Event Ingestion Architecture¶
Overview¶
The event ingestion layer is responsible for reliably capturing business events from distributed services and persisting them to Azure Data Lake Gen2 for analytics processing. This document details the Event Hub configuration, capture setup, and schema management strategies.
Ingestion Goals
- Zero Data Loss: Guaranteed event capture with automatic retry
- Schema Flexibility: Support for evolving event schemas
- Cost Efficiency: Minimal operational overhead using managed services
- Scalability: Handle 100K+ events/day without reconfiguration
Event Hub Architecture¶
Namespace Organization¶
graph TD
subgraph "Event Hub Namespaces"
NS1[CRM Namespace<br/>Standard Tier]
NS2[Matching Namespace<br/>Standard Tier]

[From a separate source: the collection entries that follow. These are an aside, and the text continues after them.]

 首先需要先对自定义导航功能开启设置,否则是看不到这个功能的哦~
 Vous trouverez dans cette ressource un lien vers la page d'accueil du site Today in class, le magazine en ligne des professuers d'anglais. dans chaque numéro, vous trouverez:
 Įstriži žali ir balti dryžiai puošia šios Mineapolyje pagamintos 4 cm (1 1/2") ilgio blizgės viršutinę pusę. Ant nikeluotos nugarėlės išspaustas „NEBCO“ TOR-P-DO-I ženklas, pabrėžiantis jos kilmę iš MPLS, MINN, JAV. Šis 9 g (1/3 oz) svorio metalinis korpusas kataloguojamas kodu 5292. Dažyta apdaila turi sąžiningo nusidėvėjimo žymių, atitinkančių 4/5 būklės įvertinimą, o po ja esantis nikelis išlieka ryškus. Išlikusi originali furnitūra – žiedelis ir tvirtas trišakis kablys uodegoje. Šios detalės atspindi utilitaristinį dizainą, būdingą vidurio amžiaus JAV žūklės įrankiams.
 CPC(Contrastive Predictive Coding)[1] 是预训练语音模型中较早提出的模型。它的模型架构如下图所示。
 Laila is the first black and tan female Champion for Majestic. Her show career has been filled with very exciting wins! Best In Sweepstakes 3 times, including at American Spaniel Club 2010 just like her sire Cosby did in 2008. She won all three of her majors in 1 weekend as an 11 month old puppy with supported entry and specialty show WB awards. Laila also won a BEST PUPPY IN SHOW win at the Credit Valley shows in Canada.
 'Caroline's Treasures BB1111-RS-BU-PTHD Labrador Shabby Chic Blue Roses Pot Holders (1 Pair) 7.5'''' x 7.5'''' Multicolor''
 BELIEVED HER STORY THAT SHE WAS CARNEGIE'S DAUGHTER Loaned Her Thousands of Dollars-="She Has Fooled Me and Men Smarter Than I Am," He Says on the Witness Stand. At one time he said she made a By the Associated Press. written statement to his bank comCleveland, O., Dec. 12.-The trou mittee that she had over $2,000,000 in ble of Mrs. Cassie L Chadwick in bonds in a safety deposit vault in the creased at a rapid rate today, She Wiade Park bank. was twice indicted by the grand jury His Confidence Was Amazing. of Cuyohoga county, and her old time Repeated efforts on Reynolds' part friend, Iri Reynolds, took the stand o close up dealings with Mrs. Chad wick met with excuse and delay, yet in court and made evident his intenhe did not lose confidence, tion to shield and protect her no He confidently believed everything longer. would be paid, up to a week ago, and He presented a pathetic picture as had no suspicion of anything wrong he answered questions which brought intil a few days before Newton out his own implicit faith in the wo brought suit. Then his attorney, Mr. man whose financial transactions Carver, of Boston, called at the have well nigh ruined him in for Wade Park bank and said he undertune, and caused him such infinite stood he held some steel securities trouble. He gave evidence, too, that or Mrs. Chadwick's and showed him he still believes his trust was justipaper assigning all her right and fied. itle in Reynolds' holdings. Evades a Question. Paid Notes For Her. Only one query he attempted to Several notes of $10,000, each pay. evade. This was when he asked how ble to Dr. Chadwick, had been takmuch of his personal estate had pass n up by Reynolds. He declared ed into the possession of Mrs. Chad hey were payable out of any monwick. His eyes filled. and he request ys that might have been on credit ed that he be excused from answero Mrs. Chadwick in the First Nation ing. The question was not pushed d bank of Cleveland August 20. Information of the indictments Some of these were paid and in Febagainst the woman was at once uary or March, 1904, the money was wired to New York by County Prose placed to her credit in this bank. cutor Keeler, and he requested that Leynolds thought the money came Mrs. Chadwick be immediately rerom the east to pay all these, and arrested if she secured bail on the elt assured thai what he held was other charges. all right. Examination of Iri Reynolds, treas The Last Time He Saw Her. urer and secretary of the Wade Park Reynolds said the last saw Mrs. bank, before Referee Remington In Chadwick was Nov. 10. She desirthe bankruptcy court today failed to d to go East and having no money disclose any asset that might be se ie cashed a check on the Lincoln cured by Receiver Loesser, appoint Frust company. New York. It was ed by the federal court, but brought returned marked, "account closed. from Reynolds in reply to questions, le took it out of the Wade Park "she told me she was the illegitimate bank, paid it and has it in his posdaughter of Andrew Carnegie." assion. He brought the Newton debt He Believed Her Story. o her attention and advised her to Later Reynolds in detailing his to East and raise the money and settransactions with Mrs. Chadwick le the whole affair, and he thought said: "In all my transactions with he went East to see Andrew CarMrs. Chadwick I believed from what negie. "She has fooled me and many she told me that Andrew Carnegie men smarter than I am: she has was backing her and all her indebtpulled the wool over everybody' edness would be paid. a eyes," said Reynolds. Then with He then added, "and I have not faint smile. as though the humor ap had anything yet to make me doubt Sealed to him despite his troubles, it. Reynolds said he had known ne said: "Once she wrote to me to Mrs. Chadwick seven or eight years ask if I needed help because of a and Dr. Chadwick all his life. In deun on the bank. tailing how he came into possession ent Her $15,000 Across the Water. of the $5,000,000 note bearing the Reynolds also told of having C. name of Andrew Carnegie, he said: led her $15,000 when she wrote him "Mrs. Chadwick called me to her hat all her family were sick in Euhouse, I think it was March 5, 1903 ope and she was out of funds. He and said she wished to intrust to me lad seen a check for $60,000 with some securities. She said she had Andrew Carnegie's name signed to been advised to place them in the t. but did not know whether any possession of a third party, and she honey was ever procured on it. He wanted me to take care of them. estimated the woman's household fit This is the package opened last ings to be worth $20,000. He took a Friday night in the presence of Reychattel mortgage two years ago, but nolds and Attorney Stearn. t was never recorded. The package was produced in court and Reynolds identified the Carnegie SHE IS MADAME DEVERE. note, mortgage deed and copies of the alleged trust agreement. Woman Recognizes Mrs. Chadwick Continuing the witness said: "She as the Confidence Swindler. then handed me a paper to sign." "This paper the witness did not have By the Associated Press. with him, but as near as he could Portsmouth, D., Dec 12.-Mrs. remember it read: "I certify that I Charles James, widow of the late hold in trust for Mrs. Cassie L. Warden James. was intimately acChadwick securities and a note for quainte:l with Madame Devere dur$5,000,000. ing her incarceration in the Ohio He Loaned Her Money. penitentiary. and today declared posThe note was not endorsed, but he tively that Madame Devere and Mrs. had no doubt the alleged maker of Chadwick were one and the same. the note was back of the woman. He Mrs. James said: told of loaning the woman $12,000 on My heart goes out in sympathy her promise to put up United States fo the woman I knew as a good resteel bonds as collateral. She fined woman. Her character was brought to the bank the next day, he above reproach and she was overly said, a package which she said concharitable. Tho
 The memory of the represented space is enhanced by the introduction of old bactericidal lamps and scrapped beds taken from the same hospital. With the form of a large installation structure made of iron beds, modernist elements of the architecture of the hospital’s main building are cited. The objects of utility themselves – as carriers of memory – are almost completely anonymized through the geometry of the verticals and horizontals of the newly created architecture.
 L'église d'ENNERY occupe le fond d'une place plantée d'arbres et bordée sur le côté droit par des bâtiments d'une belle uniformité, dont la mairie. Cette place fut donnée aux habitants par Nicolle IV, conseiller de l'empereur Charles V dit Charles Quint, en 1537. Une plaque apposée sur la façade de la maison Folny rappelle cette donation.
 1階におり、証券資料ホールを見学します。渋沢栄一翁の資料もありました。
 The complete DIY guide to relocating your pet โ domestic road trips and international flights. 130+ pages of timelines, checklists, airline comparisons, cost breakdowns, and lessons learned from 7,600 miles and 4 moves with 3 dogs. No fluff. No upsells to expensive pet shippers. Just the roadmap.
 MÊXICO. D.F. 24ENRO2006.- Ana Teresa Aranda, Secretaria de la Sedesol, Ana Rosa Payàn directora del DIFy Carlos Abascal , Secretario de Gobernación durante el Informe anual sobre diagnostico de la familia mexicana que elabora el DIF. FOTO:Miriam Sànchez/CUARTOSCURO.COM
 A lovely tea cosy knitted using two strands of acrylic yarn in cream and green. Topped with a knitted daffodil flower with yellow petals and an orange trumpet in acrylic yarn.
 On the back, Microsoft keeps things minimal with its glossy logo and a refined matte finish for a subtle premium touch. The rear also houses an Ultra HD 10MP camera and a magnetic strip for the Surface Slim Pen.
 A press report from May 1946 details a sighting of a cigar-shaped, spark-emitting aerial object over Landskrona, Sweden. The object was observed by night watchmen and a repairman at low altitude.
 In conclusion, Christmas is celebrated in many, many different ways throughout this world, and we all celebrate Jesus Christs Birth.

NS3[Profile Namespace<br/>Standard Tier]
NS4[Assessment Namespace<br/>Standard Tier]
subgraph "CRM Event Hubs"
EH1[contacts-events]
EH2[opportunities-events]
EH3[accounts-events]
end
subgraph "Matching Event Hubs"
EH4[matches-events]
EH5[iterations-events]
EH6[declarations-events]
end
subgraph "Profile Event Hubs"
EH7[profiles-events]
EH8[skills-events]
EH9[availability-events]
end
end
NS1 --> EH1
NS1 --> EH2
NS1 --> EH3
NS2 --> EH4
NS2 --> EH5
NS2 --> EH6
NS3 --> EH7
NS3 --> EH8
NS3 --> EH9
Partitioning Strategy¶
Events are partitioned by aggregateId to ensure:
- Order preservation per aggregate
- Efficient parallel processing
- Consistent consumer scaling
Partition Key: aggregateId
Partition Count: 4 (per Event Hub)
Retention: 7 days
Throughput Units: 2 (auto-scale to 10)
Event Hub Capture Configuration¶
Capture Settings¶
graph LR
subgraph "Capture Configuration"
INTERVAL[Time Window<br/>5 minutes]
SIZE[Size Window<br/>100 MB]
FORMAT[File Format<br/>Avro]
COMPRESS[Compression<br/>Snappy]
end
subgraph "Output Path"
CONTAINER[Container<br/>raw-events]
PATH[Path Pattern<br/>{Namespace}/{EventHub}/{Year}/{Month}/{Day}/{Hour}]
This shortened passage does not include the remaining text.